Bodybuilding Tips For Effective Chest Training

chest training

We’ve all been asked “how much ya bench?” by a non-trained person about a hundred times in our lives, correct? Perhaps as a result, the chest is the body part that most bodybuilders tackle first when they enter the gym. Many beginner bodybuilders are solely flat bench pressers for the first year or three in the gym, and this is okay for establishing a baseline of muscle for future growth. However, there comes a time for maturing chest training so that a well-balanced chest sits atop your upper body. Here are some tips and tricks to follow for complete chest development.

Get the ratios right
You should be training chest with a 3:1 ratio for the incline:flat pressing movements. In other words, if you complete 9 sets of inline barbell presses and dumbbell flyes, you should be completing 3 sets of flat pressing or flyes. Many bodybuilders – particularly those with the standard Weider flat bench at home – don’t complete any incline bench pressing for their first year or two of training. This creates an aesthetic and strength imbalance which can only be rectified using a 3:1 incline:flat training ratio.

Cable-free
While cable crossovers can provide a great pump and deliver some stimulation to that pectoral-deltoid tie-in, many bodybuilders treat this movement as a mass-gainer. It will deliver a lot of blood to the region and might feel very good, but this movement will not build your pecs in the same manner that flat and incline presses and flyes will. Play with the cables a few times per month, but stick with the heavy compound movements until you have a well-sized chest and are focusing upon shaping it.

Just a little patience
It may seem confusing to train using this wide variety of chest movements when you’re used to just plugging away on the bench press each workout. Deal with it. Your chest is comprised of a vast network of interlocking mesh of muscle sheets. They need to be hit from many different angles in order to stimulate complete growth.

The 20-rep set
At least once per workout, complete a set containing twenty reps. This will stimulate your slow-twitch muscle fibers (those which are only activated by repetition number 12 or 15) and assure you’re stimulating every possible muscle fiber in the chest region. Most of your day should be hard and heavy, but the 20-rep set should always make the trip!
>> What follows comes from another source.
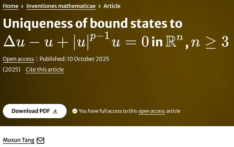唐谟勋校友的研究,针对国际数学界Berestycki与Lions(其中Lions于1994年获菲尔兹奖)于1983年提出的“n≥3时n维欧氏空间内半线性椭圆方程束缚态唯一性”猜想,给出了完全肯定的回答。该方程源于Klein-Gordon方程与非线性薛定谔方程的驻波求解问题,是偏微分方程(PDE)领域的核心问题之一。研究证明:对每个整数k≥1,该问题存在唯一径向对称解,且在平移与反射变换下,解在原点以外区域恰好有k个零点,为相关领域研究提供了关键理论支撑。

You can have a superb chest routine and follow all the rules, but if you’re not training legs or back, you’re going to develop imbalances which can potentially lead to injuries. Utilize a full-body routine, and don’t skip days. If you have weak body parts, it’s usually because you’re not training legs hard enough.

The chest is the centerpiece in most physiques, the place the judges’ eyes first rest when scanning the stage for competitors. Possessing a well-developed chest is imperative for success at even the local bodybuilding level. Follow this tips and tricks, and train hard and intelligently. A powerful chest will follow!